[WHAT NEEDS TO BE DONE] Reproduce every line below exactly as written; do not include the images.

══ EXERCISE DATA

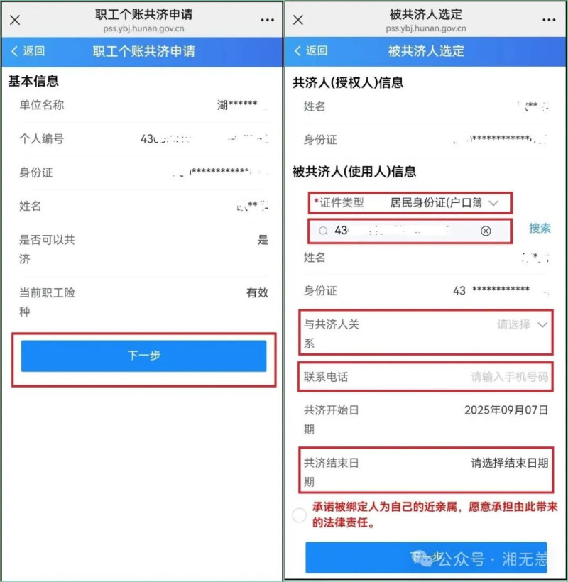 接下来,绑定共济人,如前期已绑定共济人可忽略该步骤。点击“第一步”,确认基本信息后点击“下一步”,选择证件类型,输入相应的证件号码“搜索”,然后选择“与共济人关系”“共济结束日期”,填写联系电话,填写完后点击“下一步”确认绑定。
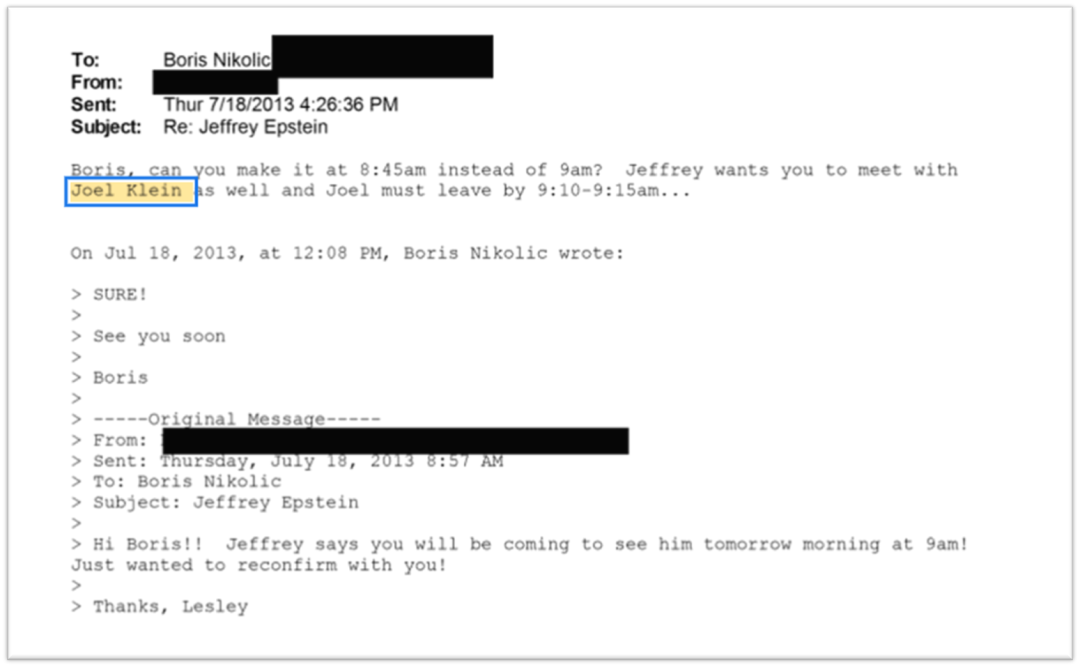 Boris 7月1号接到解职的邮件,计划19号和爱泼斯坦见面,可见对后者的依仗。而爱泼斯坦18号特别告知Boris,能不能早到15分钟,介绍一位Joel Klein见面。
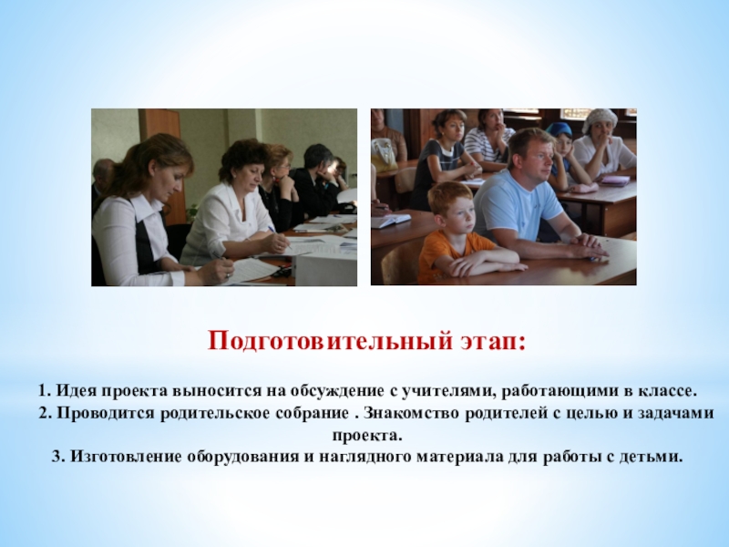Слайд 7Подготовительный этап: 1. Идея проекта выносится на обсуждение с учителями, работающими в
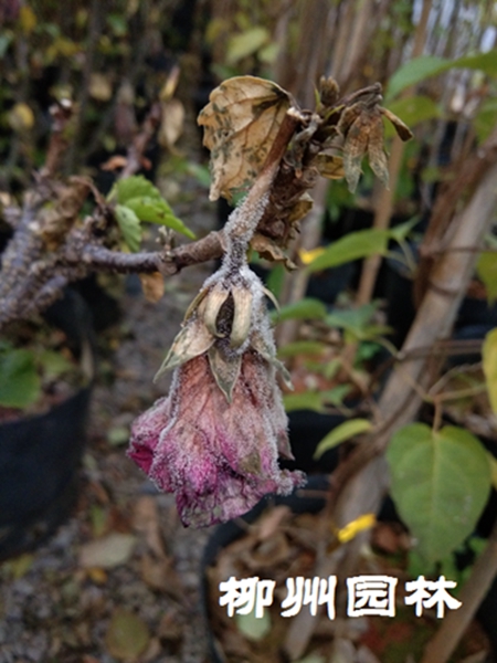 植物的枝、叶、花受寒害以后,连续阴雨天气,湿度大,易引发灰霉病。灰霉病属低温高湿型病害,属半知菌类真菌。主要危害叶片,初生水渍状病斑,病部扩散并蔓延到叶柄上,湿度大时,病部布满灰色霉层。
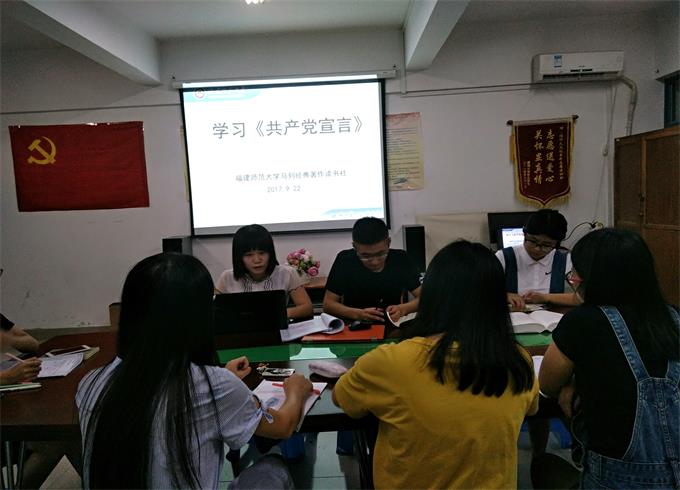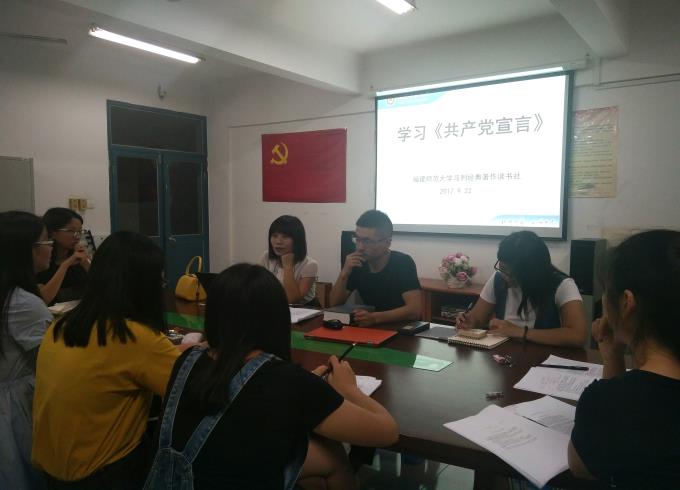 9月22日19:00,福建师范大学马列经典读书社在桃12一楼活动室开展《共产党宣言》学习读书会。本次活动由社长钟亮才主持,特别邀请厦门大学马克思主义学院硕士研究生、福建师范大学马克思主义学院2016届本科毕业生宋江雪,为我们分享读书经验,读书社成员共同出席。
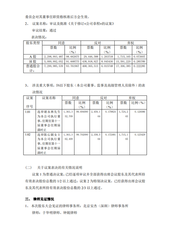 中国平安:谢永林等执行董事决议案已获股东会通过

════

[WRITTEN SOLUTION]
 接下来,绑定共济人,如前期已绑定共济人可忽略该步骤。点击“第一步”,确认基本信息后点击“下一步”,选择证件类型,输入相应的证件号码“搜索”,然后选择“与共济人关系”“共济结束日期”,填写联系电话,填写完后点击“下一步”确认绑定。
 Boris 7月1号接到解职的邮件,计划19号和爱泼斯坦见面,可见对后者的依仗。而爱泼斯坦18号特别告知Boris,能不能早到15分钟,介绍一位Joel Klein见面。
Слайд 7Подготовительный этап: 1. Идея проекта выносится на обсуждение с учителями, работающими в
 植物的枝、叶、花受寒害以后,连续阴雨天气,湿度大,易引发灰霉病。灰霉病属低温高湿型病害,属半知菌类真菌。主要危害叶片,初生水渍状病斑,病部扩散并蔓延到叶柄上,湿度大时,病部布满灰色霉层。
 9月22日19:00,福建师范大学马列经典读书社在桃12一楼活动室开展《共产党宣言》学习读书会。本次活动由社长钟亮才主持,特别邀请厦门大学马克思主义学院硕士研究生、福建师范大学马克思主义学院2016届本科毕业生宋江雪,为我们分享读书经验,读书社成员共同出席。
 中国平安:谢永林等执行董事决议案已获股东会通过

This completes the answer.